Secondly, of course, robust protective means must be applied to block malware, deflect phishing attempts, and nullify zero-day exploits. Restricted access to web resources from the corporate network and monitored traffic are needed, too. It is also necessary to install clients using the same security solution that the company uses on all mobile devices in the corporate network.
But beyond that, employees must be taught the basics of IT security. If a third of the workday is spent on unclear purposes then why not reserve one hour a week for training of this kind? With the increasing complexity of systems, such training is becoming as urgent as establishing a security policy within the company.
Meanwhile, according to the study of global corporate risks in the IT sector by B2B International and Kaspersky Lab, only 52% of respondents stated that employees in their companies are serious about IT security rules and abide by them. 32% of respondents agreed that the personnel neglects compliance with the rules, while 38% admitted that their company employees do not understand the reason for such a policy.

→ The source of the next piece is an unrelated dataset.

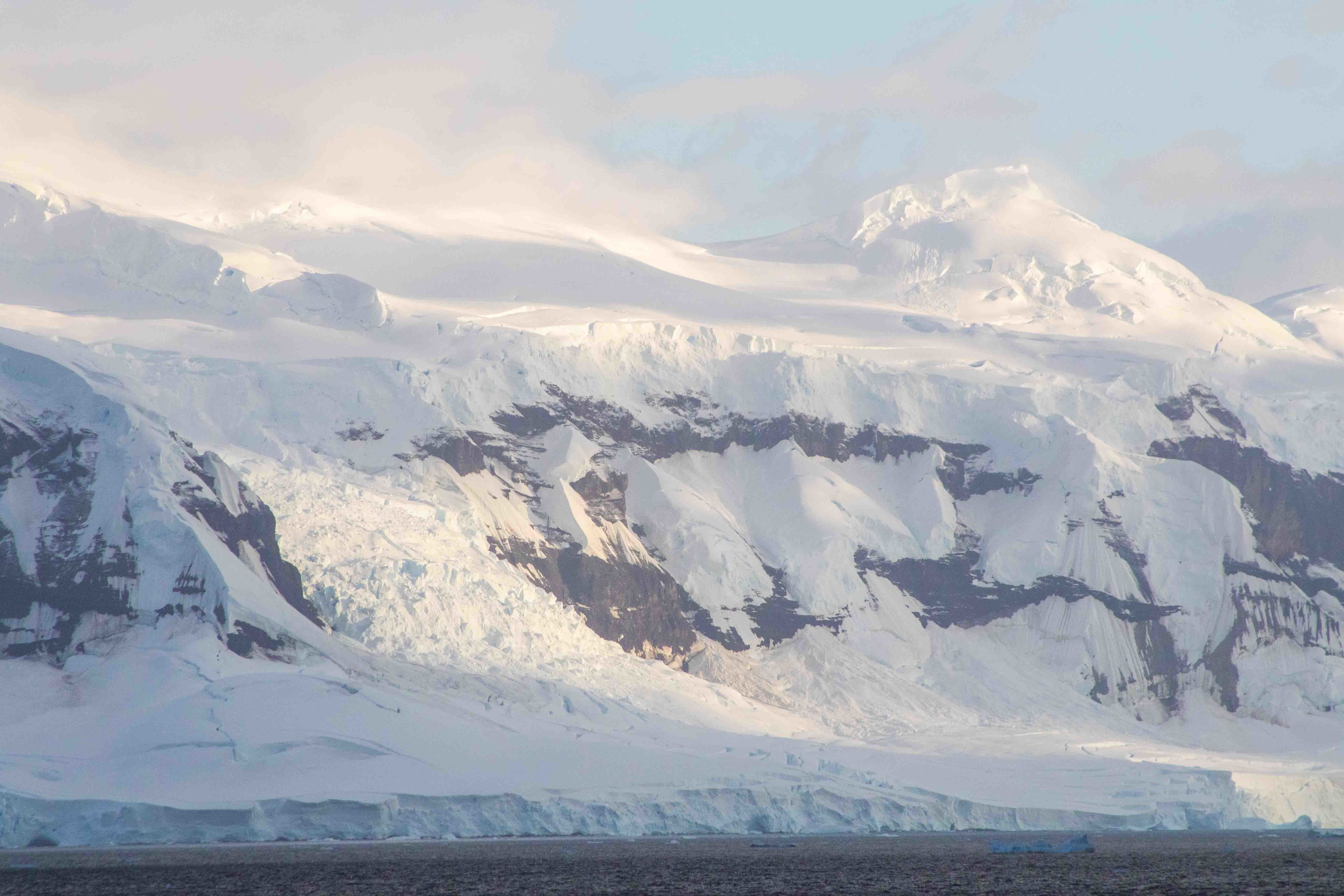 Morning brought higher clouds and no precipitation, though yesterday had not dampened our appreciation for the beauty of the landscape. As breakfast was being served, we slowly cruised into a channel called Lion Sound. We were immediately surrounded by the tall snow and ice-shrouded mountains of Anvers Island and Lion Island. Zodiacs were deployed for an extremely scenic cruise through the sound and along the nearly vertical shores. The sea conditions were mirror-like. Minke whales and leopard seals were spotted by various groups on their routes. With the outboards turned off, the massive silence was punctuated by cracks, booms, and crashes as sections of glaciers fell off the cliffs.

This is the fog of misunderstanding that has to dispel. Some progress has been made already: 60% of respondents said their company employees regularly receive newsletters with descriptions of actual threats, and 58% of the surveyed companies have specialized personnel training programs.
If company employees get in the habit of safe IT practices at work, there is reason to believe that in the end, they will try to ensure an appropriate level of protection at home, too.